Anyway, put the mathematics aside, as mechanicians, we can have our own language.

The key point is to use \delta function properly to get right results.

best regards

Xu

## support of Dirac's delta

Dear Ajit:

I don't see any ambiguity in the definition of Dirac's delta. One first defines it when the support is the origin and then the support can be shifted to any other point in the real line (or R^n for higher dimensional problems). Shifting can be defined for any distribution. Dirac's delta would not be completely specified unless you are given its support, which is a single point. So, one would say "Dirac's delta supported at x = 0" or "Dirac's delta supported at x = a" (these are two different distributions). Support of a distribution is the closure of the set of points (in the standard topology of R^n) for which the distribution is not the "zero distribution", i.e. for those points there is always a nonzero test function on which the distribution is nonzero.

Regards,

Arash

## Distribution Theory

Dear Mikael:

The rigorous way of looking at Dirac "function" is what S. Sobolev and L. Schwratz (among others) built in the thirties and forties). In the rigorous theory, one does not think of point values of "generalized functions". What you would do is the following:

First a set of test functions are defined. These are infinitely smooth functions that have compact supports, i.e. are zero outside compact sets (a closed and bounded interval in the case of R^n). Now a distribution (generalized function) is dual of this set. In other words, given a distribution, it associates a real number to any given test function; distributions are linear, continuous functionals on the space of test functions.

In the case of Dirac delta, when it acts on any test function, it gives you the value of the test function at the origin (or the support point). One can define derivatives of distributions, and many other operators.

I'm not answering your question regarding discrete systems but if there is a rigorous theory it should be based on these ideas.

Regards,

Arash

## Force density vs. force

Dear Rich,

Inside a continuum, you can only define a density of a force---whether it's a body force (the volume density) or a surface/line traction force (the area/lineal density).

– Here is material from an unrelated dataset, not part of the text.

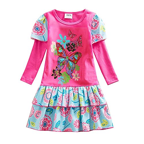 VIKITA Vestito Manica Lunga Cotone Bambina L191FUCH 7T
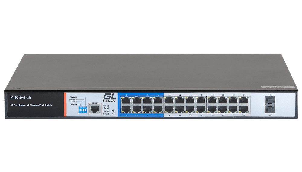 Режимыбазовый режим – свободная передача данных AI VLAN – разделение с 1 по 16 порт на отдельные VLAN AI Extend – питание по PoE до 250 метров AI PoE mode – Автоматическая перезагрузка устройств, при недоступности по команде ping AI QoS mode – приоритет видео данных

Defining a density is the only way theoretical available to bring the particle mechanical concept of force into correspondence with the concepts defined within the continuum mechanical framework (and vice versa: to take those continuum densities outside of CM and into the realm of the particle mechanics).

As such, the notion of a "force inside a continuum" is in principle undefined. (Actually, it would be an example of an arbitrary concept.)

## Ajit, I agree with

Ajit,

I agree with you.

My understanding when we talk about force in continuum mechanics, we've integrated a force density about some volume. If the volume is of zero measure, then the force is zero at the point but certainly the force density may not be.

rich

## You can't talk of a force then

Rich,

No, you didn't agree with me, really speaking.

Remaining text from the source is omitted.